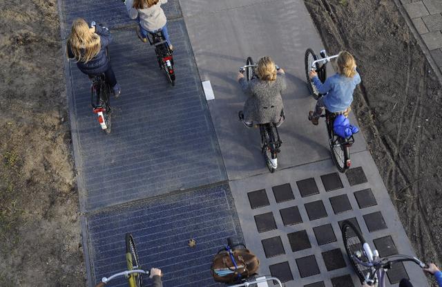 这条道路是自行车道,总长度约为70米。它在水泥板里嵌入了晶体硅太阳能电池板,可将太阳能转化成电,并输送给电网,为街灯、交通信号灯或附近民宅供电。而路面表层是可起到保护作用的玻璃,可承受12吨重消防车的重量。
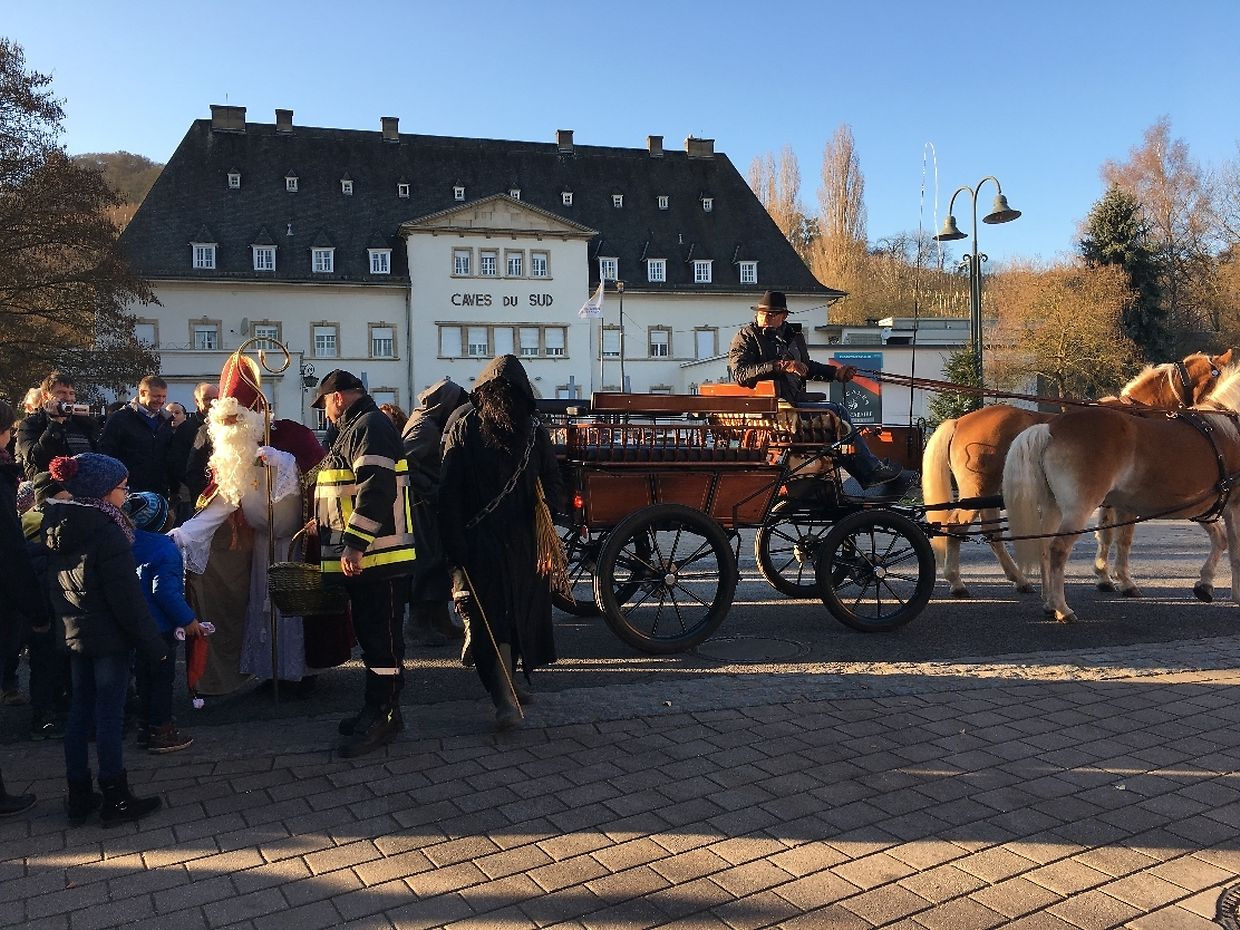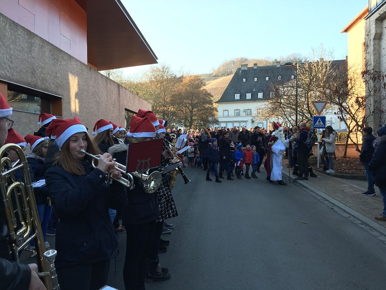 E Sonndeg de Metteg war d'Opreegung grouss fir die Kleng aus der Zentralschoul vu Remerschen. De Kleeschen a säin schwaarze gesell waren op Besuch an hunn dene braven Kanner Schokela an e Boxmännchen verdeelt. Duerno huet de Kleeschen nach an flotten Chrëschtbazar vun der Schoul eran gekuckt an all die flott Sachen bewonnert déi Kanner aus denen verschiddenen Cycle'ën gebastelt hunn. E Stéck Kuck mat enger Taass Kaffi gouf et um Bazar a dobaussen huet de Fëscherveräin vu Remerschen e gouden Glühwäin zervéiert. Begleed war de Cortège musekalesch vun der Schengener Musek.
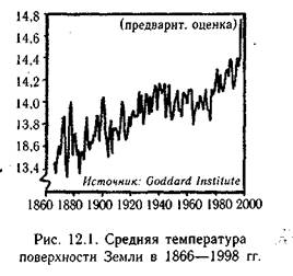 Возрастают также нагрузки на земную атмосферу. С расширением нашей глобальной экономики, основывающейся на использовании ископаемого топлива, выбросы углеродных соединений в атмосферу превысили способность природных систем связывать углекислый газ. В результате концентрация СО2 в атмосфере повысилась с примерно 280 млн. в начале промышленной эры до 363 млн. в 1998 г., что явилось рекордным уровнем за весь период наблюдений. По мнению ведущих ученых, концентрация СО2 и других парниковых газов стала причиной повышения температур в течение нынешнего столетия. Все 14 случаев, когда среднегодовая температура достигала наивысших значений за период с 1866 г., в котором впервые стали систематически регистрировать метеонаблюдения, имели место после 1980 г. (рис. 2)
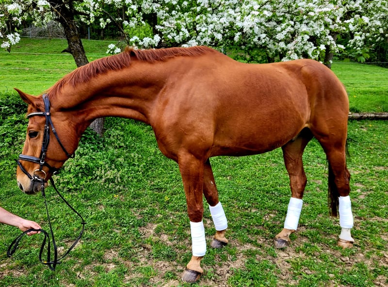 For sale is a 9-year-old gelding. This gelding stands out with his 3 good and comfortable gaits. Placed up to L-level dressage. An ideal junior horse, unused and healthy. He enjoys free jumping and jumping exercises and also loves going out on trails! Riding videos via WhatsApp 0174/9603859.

* * *

Word for word, reproduce all the data, but not the pictures.

Solved exercise -
 这条道路是自行车道,总长度约为70米。它在水泥板里嵌入了晶体硅太阳能电池板,可将太阳能转化成电,并输送给电网,为街灯、交通信号灯或附近民宅供电。而路面表层是可起到保护作用的玻璃,可承受12吨重消防车的重量。
 E Sonndeg de Metteg war d'Opreegung grouss fir die Kleng aus der Zentralschoul vu Remerschen. De Kleeschen a säin schwaarze gesell waren op Besuch an hunn dene braven Kanner Schokela an e Boxmännchen verdeelt. Duerno huet de Kleeschen nach an flotten Chrëschtbazar vun der Schoul eran gekuckt an all die flott Sachen bewonnert déi Kanner aus denen verschiddenen Cycle'ën gebastelt hunn. E Stéck Kuck mat enger Taass Kaffi gouf et um Bazar a dobaussen huet de Fëscherveräin vu Remerschen e gouden Glühwäin zervéiert. Begleed war de Cortège musekalesch vun der Schengener Musek.
 Возрастают также нагрузки на земную атмосферу. С расширением нашей глобальной экономики, основывающейся на использовании ископаемого топлива, выбросы углеродных соединений в атмосферу превысили способность природных систем связывать углекислый газ. В результате концентрация СО2 в атмосфере повысилась с примерно 280 млн. в начале промышленной эры до 363 млн. в 1998 г., что явилось рекордным уровнем за весь период наблюдений. По мнению ведущих ученых, концентрация СО2 и других парниковых газов стала причиной повышения температур в течение нынешнего столетия. Все 14 случаев, когда среднегодовая температура достигала наивысших значений за период с 1866 г., в котором впервые стали систематически регистрировать метеонаблюдения, имели место после 1980 г. (рис. 2)
 For sale is a 9-year-old gelding. This gelding stands out with his 3 good and comfortable gaits. Placed up to L-level dressage. An ideal junior horse, unused and healthy. He enjoys free jumping and jumping exercises and also loves going out on trails! Riding videos via WhatsApp 0174/9603859.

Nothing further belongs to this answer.